▶ **THE TASK**
Using only the entries below, output the lines starting at the one containing "Aus Jugoslawien kommt" and ending at the one containing "Boyundan bağlamalı, astarlı, çiçekli", exactly and inclusive of both, omitting the pictures.

▶ **TASK INPUTS**
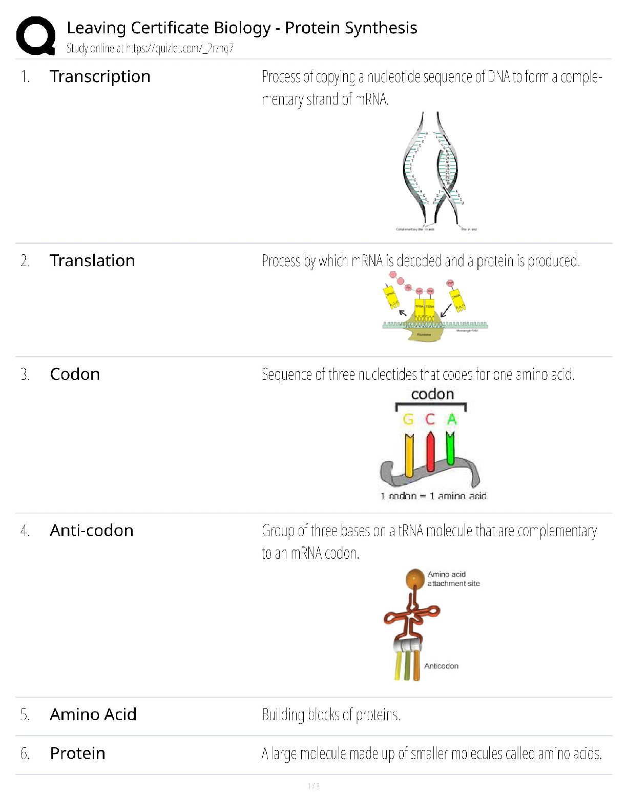 BIOLOGY 1100 > QUESTIONS & ANSWERS > Leaving Certificate Biology - Protein Synthesis / Exam Guide & Test Bank / 2025 Update / Score 100% (All)
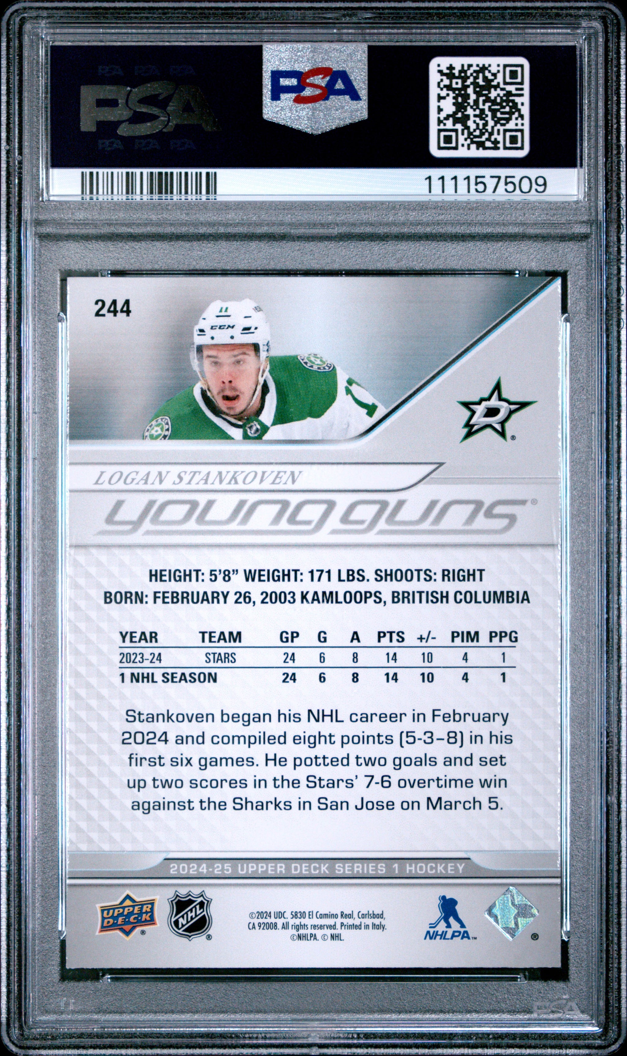 | *This is a Single Trading Card* | *Discounts are not available on Single Trading Cards* | This is a nice example of a 2024 Upper Deck #244 Logan Stankoven PSA 10 GEM MT. Please check out our other listings for more great cards. Thank you for your interest in one of our cards!!! Prior to making any bids/purchases, I would kindly ask you to read the information below: Item Condition Please see the provided pictures for the condition of the card or item, pictures of the front and back are provided for your review. We cannot accommodate requests for additional pictures. Any notable flaws or damage to this item will be noted in this listing. Please use the attached photos provided for your own assessment. Graded card cases may come with some minor wear/tear, surface scratch, chipped, or blemish. There are no partial refunds or returns because of the case condition. All single cards will come in protective cases. If you purchase a listing that's sold as a lot it may come in snap cases or sealed in a team bag, and not all cards will be individually sleeved and top loaded in all lots. Raw cards are sold as such, with no guarantees of potential and/or expected grades. All cards are sold as is, with no returns or refunds. Listed With Mascot.
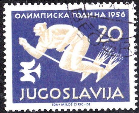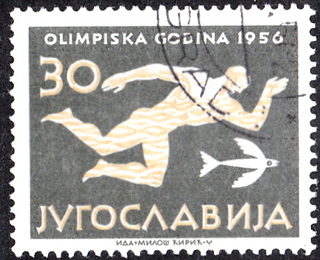 Aus Jugoslawien kommt dies Marke (MiNr 804) zu den Olympischen Spielen 1956 in Melbourne mit der Abbildung eines Läufers.
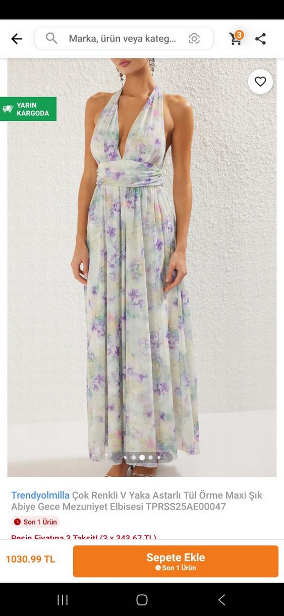 Boyundan bağlamalı, astarlı, çiçekli abiye L beden 9 aylik hamileyken arkadaşımın nikahı icin almıştım. sadece 1 kez giyilmiştir. herhangi bir kusuru yoktur.
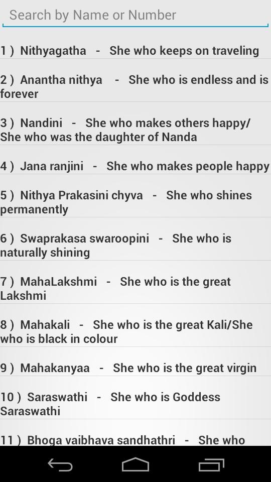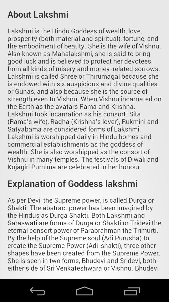 About Lakshmi Lakshmi is the Hindu Goddess of wealth, love, prosperity (both material and spiritual), fortune, and the embodiment of beauty. She is the wife of Vishnu. Also known as Mahalakshmi, she is said to bring good luck and is believed to protect her devotees from all kinds of misery and money-related sorrows.Lakshmi is called Shree or Thirumagal because she is endowed with six auspicious and divine qualities, or Gunas, and also because she is the source of strength even to Vishnu. When Vishnu incarnated on the Earth as the avatars Rama and Krishna, Lakshmi took incarnation as his consort. Sita (Rama's wife), Radha (Krishna's lover), Rukmini and Satyabama are considered forms of Lakshmi.Lakshmi is worshipped daily in Hindu homes and commercial establishments as the goddess of wealth. She is also worshipped as the consort of Vishnu in many temples. The festivals of Diwali and Kojagiri Purnima are celebrated in her honour. Explanation of Goddess Lakshmi As per Devi, the Supreme power, is called Durga or Shakti. The abstract power has been imagined by the Hindus as Durga Shakti by the help of the Supreme soul (Adi Purusha) to create the Supreme Power (Adi-shakti), three other shapes have been created from the Supreme Power.She is seen in two forms, Bhudevi and Sridevi, both either side of Sri Venkateshwara or Vishnu. Bhudevi is the representation and totality of the material world or energy, called the aparam Prakriti, in which she is called Mother Earth. Sridevi is the spiritual world or energy, called the Prakriti. Most people are mistaken that they are separate beings although they are one, that is, Lakshmi.Lakshmi is the power of Vishnu.Mahalakshmi's presence is also found on Sri Venkateswara (at Tirumala) or Vishnu's chest, at the heart. Lakshmi is the embodiment of love, from which devotion to God or Bhakti flows. It is through Love/Bhakti or Lakshmi that the atma or soul is able to reach God or Vishnu.Lakshmi represents a more soothing, kind, warm and approachable mother figure who willingly intervenes in the lives of devotees.When asking Vishnu for grace or the forgiveness, the devotees often approach Him through the intermediary presence of Lakshmi.She is also the personification of the spiritual Fulfillment.Also, she embodies the spiritual world, also known as Vaikunta, the abode of Lakshmi-Narayana or Vishnu,She is also the divine qualities of God and the soul. Lakshmi is the embodiment of God's superior spiritual feminine energy, Param Prakriti, which purifies, empowers and uplifts the individual. Hence, she is called the Goddess of Fortune. She is believed to be the mother of the universe. About Sri Lakshmi Sahasranama stotram This stotra which occurs in Skanda Purana is taught by Sage Sanath Kumara trio to a set of 12 sages. In this Goddess Lakshmi tells that even if this is chanted without belief she would stay for ever in their clan. Features in Version 1.0 1. Sri Lakshmi Sahasranama,Sanskrit Transliteration,English Translation and their Meaning with Audio. 2. Detailed Introduction. 3. 1000 names and their meaning. 4. Easy and simple swipe page's to navigate to any page along with audio. 5. Play or pause audio on any page while reading the meaning of the Stotram. 6. Use Seek-bar to navigate to any position in audio along with their respective page. 7. Plays in background when phone is locked. 8. Auto resume from the last played position on the page. 9. Auto pause during call. 10. Share your Like on Face-book. 11. Ad free App for zero diversion while reading and listening. Other Apps : Sri Vishnu Sahasranamam https://play.google.com/store/apps/details?id=com.vs&hl=en Shiva Sahasranamam https://play.google.com/store/apps/details?id=com.osn Sri Adithya Hrudayam The Link - https://play.google.com/store/apps/details?id=com.omsuryayanama Sree Lalitha Sahasranamam https://play.google.com/store/apps/details?id=com.omsrimathanama "Sarva Loka Sukhino Bhavantu"

▶ **ANSWER SECTION**
 Aus Jugoslawien kommt dies Marke (MiNr 804) zu den Olympischen Spielen 1956 in Melbourne mit der Abbildung eines Läufers.
 Boyundan bağlamalı, astarlı, çiçekli abiye L beden 9 aylik hamileyken arkadaşımın nikahı icin almıştım. sadece 1 kez giyilmiştir. herhangi bir kusuru yoktur.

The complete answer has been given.